Горели редкие огни, люди расходились по дворам, неся с собой тяжесть потерь и горечь возвращения.
Корнилов подошел к ней, посмотрел сверху вниз. Лицо его было сурово, но в глазах Варя увидела то, что заставило ее замереть: он знал. Знал о ней и Ахмате. Знал и молчал. Пока.
— Иди в дом, — сказал он. — И не показывайся на глаза этой бабе. Она сейчас любое слово примет за насмешку.
— Батя, — начала Варя, но он перебил:
— Иди, сказал. Потом поговорим.
Она пошла. Шла к дому Кочубеев, где ждала ее ненавидящая свекровь, и чувствовала, как внутри нее все переворачивается. Григорий мертв. Муж, который был ей никем, ушел в землю, и она не могла выжать из себя ни слезинки. Она чувствовала только одно — холодную, грешную, страшную свободу.
Свободу быть с тем, кого выбрала.
Она подошла к крыльцу, обернулась. Отец стоял посреди улицы, глядя ей вслед, и в глазах его была такая боль, что у Вари защемило сердце. Но она не вернулась. Не могла. Потому что там, в погребе, ждал другой. И теперь, когда Григория не стало, стена между ними рухнула — не до конца, но дала трещину, в которую уже проникал свет.
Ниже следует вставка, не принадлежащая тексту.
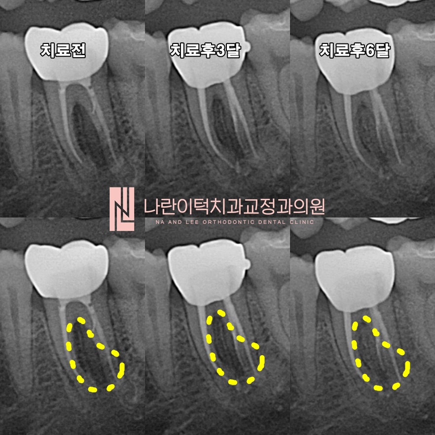 뿌리끝 염증(엑스레이상 검은 음영, 노란점선)이 점점 더 좋아지는지는 추가적인 추적관찰이 필요합니다.

Она вошла в дом, прошла в свою светелку, закрыла дверь. Села на край постели, глядя в стену, и думала о том, что вдова — это хуже, чем жена. Вдова — это та, у кого отняли. А у нее не отняли. Ей подарили. И это знание жгло, как каленое железо.
— Господи, прости меня, — прошептала она. — Я не могу плакать. Я не могу жалеть. Я только... я свободна.
Слезы не пришли. Вместо них пришла тишина — долгая, тяжелая, в которой она наконец позволила себе признаться: она не рада смерти Григория. Но она рада, что больше не связана с ним. И это страшное «но» разделило ее жизнь на «до» и «после».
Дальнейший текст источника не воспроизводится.